Kabupaten Bekasi |BekasiKepo.com | Program Wi-Fi gratis yang diluncurkan Pemerintah Kabupaten Bekasi melalui Dinas Komunikasi, Informatika, Persandian, dan Statistik (Diskominfosantik) bertujuan mulia: memberikan akses internet gratis kepada masyarakat, terutama di wilayah yang belum terjangkau layanan komersial. Namun, di sejumlah titik, kenyataan di lapangan berbanding terbalik dengan tujuan program. Salah satunya, jaringan Wi-Fi gratis di Desa Karang Asih, Kecamatan Cikarang Utara, terpantau tidak bisa diakses publik lantaran terkunci tanpa informasi atau petunjuk penggunaan.

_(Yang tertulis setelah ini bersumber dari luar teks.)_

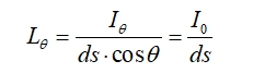光度學(xué)的亮度定義如圖2所示,對(duì)應(yīng)朗伯光型的光源在θ角方向亮度為:
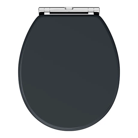 A high-quality traditional round satin graphite toilet seat with brushed chrome hinges. The Chatsworth traditional graphite toilet seat with it’s classic styling has been designed to match the Chatsworth range of bathroom furniture. Features quick release hinges for easy cleaning.
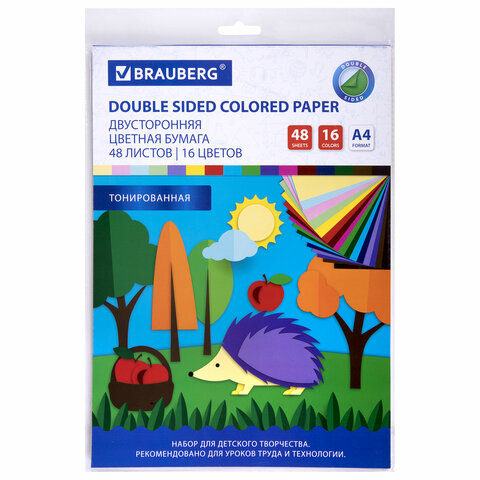 Цветная бумага А4 ТОНИРОВАННАЯ В МАССЕ, 48 листов 16 цветов, склейка, 80 г/м2, BRAUBERG, 113504
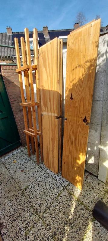 Schuurstelling van hout met 3 hoogtes lengte circa 3 meter ( 6planken) 3 staanders
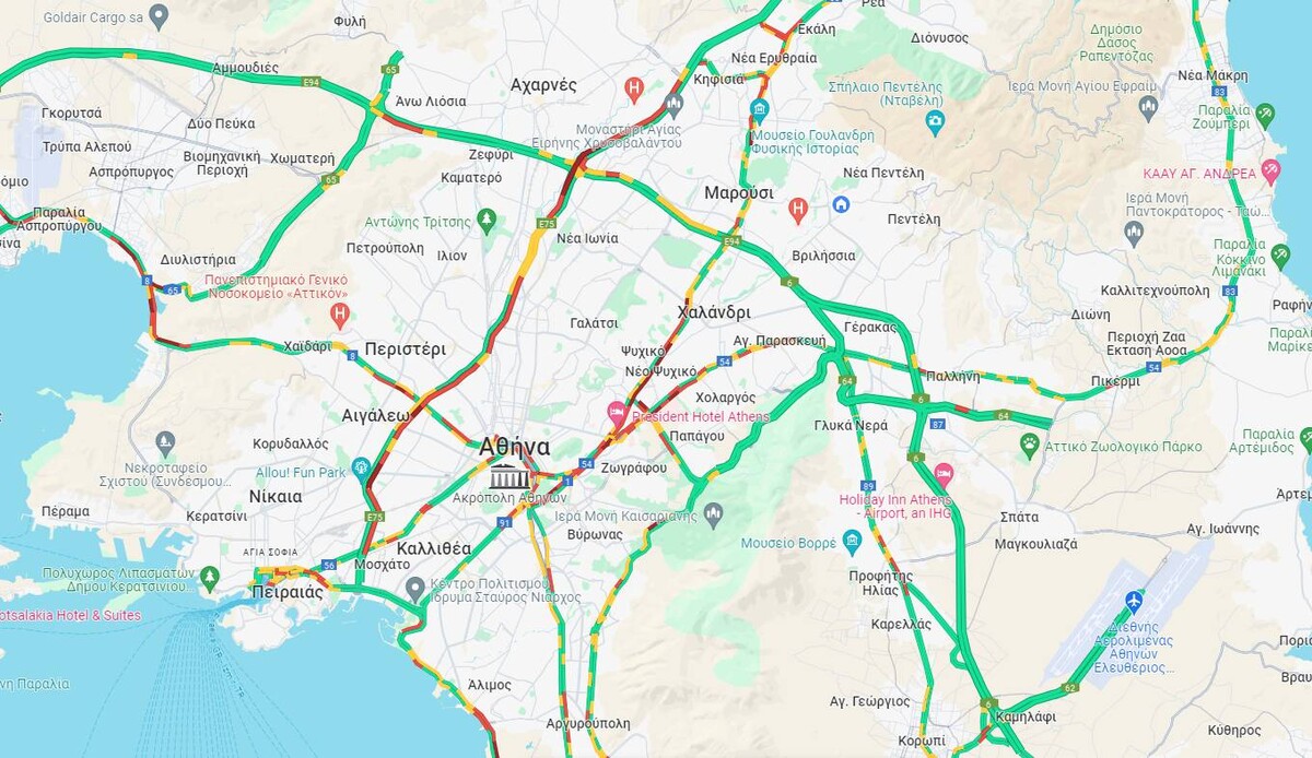 Σημαντικές καθυστερήσεις παρατηρούνται επίσης και στο μεγαλύτερο τμήμα της Κηφισίας, στην αρχή της Μεσογείων, σε τμήμα της Λ.Ποσειδώνος, στους δρόμους γύρω από το λιμάνι του Πειραιά αλλά και στους δρόμους γύρω από το κέντρο της Αθήνας.

Padahal, hingga akhir Juli 2024, Diskominfosantik mengklaim layanan Wi-Fi telah tersedia di 70 desa dan 30 sarana ibadah. Program ini disebut-sebut sebagai upaya mendukung transformasi digital di tingkat akar rumput, memperkuat akses informasi, hingga menunjang aktivitas pendidikan daring.
Namun, ketiadaan akses serta minimnya papan informasi atau petunjuk penggunaan menimbulkan pertanyaan serius. Warga tidak mengetahui bagaimana cara mengakses layanan, dan tidak ada kejelasan mengenai siapa yang bertanggung jawab menangani pengaduan.
Kondisi ini memicu kritik tajam dari kalangan masyarakat sipil, termasuk Sekretaris Jenderal Jurnalis Pencinta Alam dan Peduli Bencana (JURPALA), A. Sofyan, yang menilai bahwa program ini terkesan hanya menjadi proyek seremonial belaka.
“Pemerintah tidak boleh hanya mengejar angka-angka dan pelaporan administratif. Ketika fasilitas publik seperti Wi-Fi gratis tidak bisa digunakan oleh masyarakat, itu artinya ada yang salah—baik dalam perencanaan maupun pelaksanaannya,” ujar A. Sofyan.
Ia menegaskan bahwa setiap program berbasis dana publik harus memiliki efek langsung bagi masyarakat.
“Kalau Wi-Fi gratis hanya dipasang untuk kebutuhan laporan proyek, tanpa bisa dimanfaatkan warga, maka itu bukan pelayanan, tapi pemborosan. Infrastruktur digital harus bisa digunakan, bukan sekadar dipamerkan,” tegasnya.
A. Sofyan juga mendesak Diskominfosantik agar bersikap terbuka. Publik perlu mengetahui lokasi aktif Wi-Fi, status jaringannya, dan siapa yang bisa dihubungi jika ada kendala.
“Transparansi dan akuntabilitas mutlak. Jangan sampai fasilitas publik justru menjadi sumber kekecewaan masyarakat,” tambahnya.
Sampai berita ini diterbitkan, pihak Diskominfosantik Kabupaten Bekasi belum memberikan klarifikasi resmi terkait alasan akses Wi-Fi yang terkunci maupun mekanisme pemanfaatannya oleh warga. Upaya konfirmasi yang dilakukan media ini belum mendapat tanggapan.
Tanpa transparansi dan pengawasan, program Wi-Fi gratis ini berisiko menjadi simbol kegagalan digitalisasi daerah. Bukan memperluas konektivitas, tapi justru menunjukkan betapa jauhnya antara kebijakan di atas kertas dan kenyataan di lapangan.